Correlating log messages to get a deeper insight about the actual events happening on a network or server is an important element of IT security. Being able to do so is mandated by several security compliance standards, best practices, and also common sense. However, many common log analyzing and correlation engines cannot handle high message rates in real time, requiring administrators to filter the input of the analyzing engine. Proprietary solutions are often licensed based on the number of processed messages, which limits their usefulness. The syslog-ng project aims to provide a flexible, real-time correlation solution that scales well even to extreme performance requirements.
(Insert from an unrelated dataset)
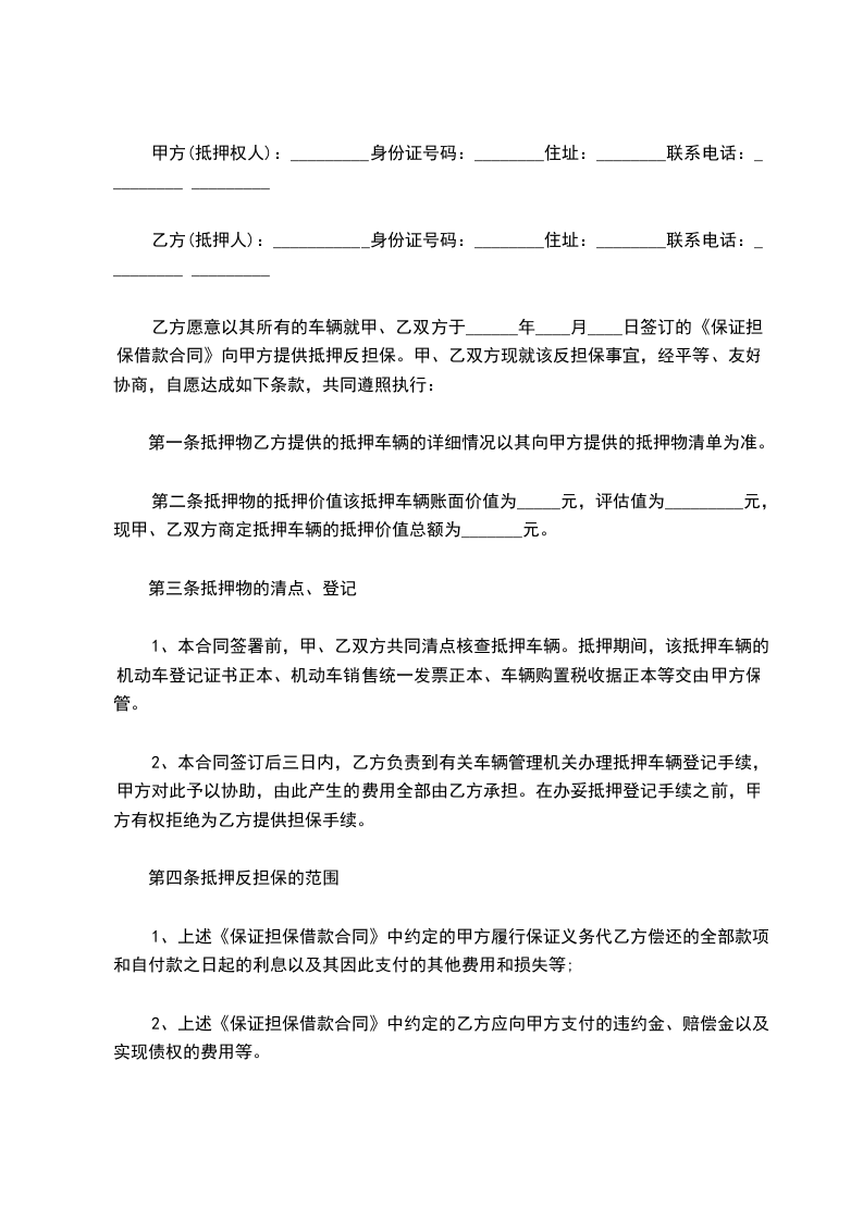 为保证承包经营合同条款的履行,乙方愿意以产权归已车辆抵押经营。

Syslog-ng is an advanced system logging tool, which can be a replacement for the standard syslogd and rsyslog daemons. The syslog-ng pattern database, introduced almost two years ago, allows for real-time message identification and classification by comparing the incoming log messages to a set of message patterns. The classification engine of syslog-ng is much faster and scalable than using regular expressions to identify messages, and also permits the administrator to extract relevant information from the message body or to add custom metadata (for example, tags) to log messages. We looked at message classification in syslog-ng just over a year ago.

The new message correlation feature extends the syslog-ng pattern database to make it possible to associate related log messages, and to treat the information from those messages as if they were a single event.

Message correlation is one of the foundations of log analysis and reporting, because log messages tend to be hectic, and often separate important information about events into different log messages. For example, the Postfix e-mail server logs the sender and recipient addresses into separate log messages. For OpenSSH, if there is an unsuccessful login attempt, the server sends a log message about the authentication failure with the reason for the failure in the next message. But in fact the event and its exact details are interesting, not necessarily the individual log messages, therefore being able to collect information as events rather than messages can be a boon for every system administrator.

How correlation works in syslog-ng

Message correlation in syslog-ng operates on the log messages successfully identified by the syslog-ng's pattern database: you can extend the rules describing message patterns with instructions on how to correlate the matching messages.

Correlating log messages involves collecting the messages into message groups called contexts. A context consists of a series of log messages that are related to each other in some way, for example, the log messages of an SSH session can belong to the same context. Messages may be added to a context as they are processed. The context of a log message can be specified using simple static strings or with macros and dynamic values. For example, you can group messages received from the same host ($HOST), application ($HOST$PROGRAM), or process ($HOST$PROGRAM$PID).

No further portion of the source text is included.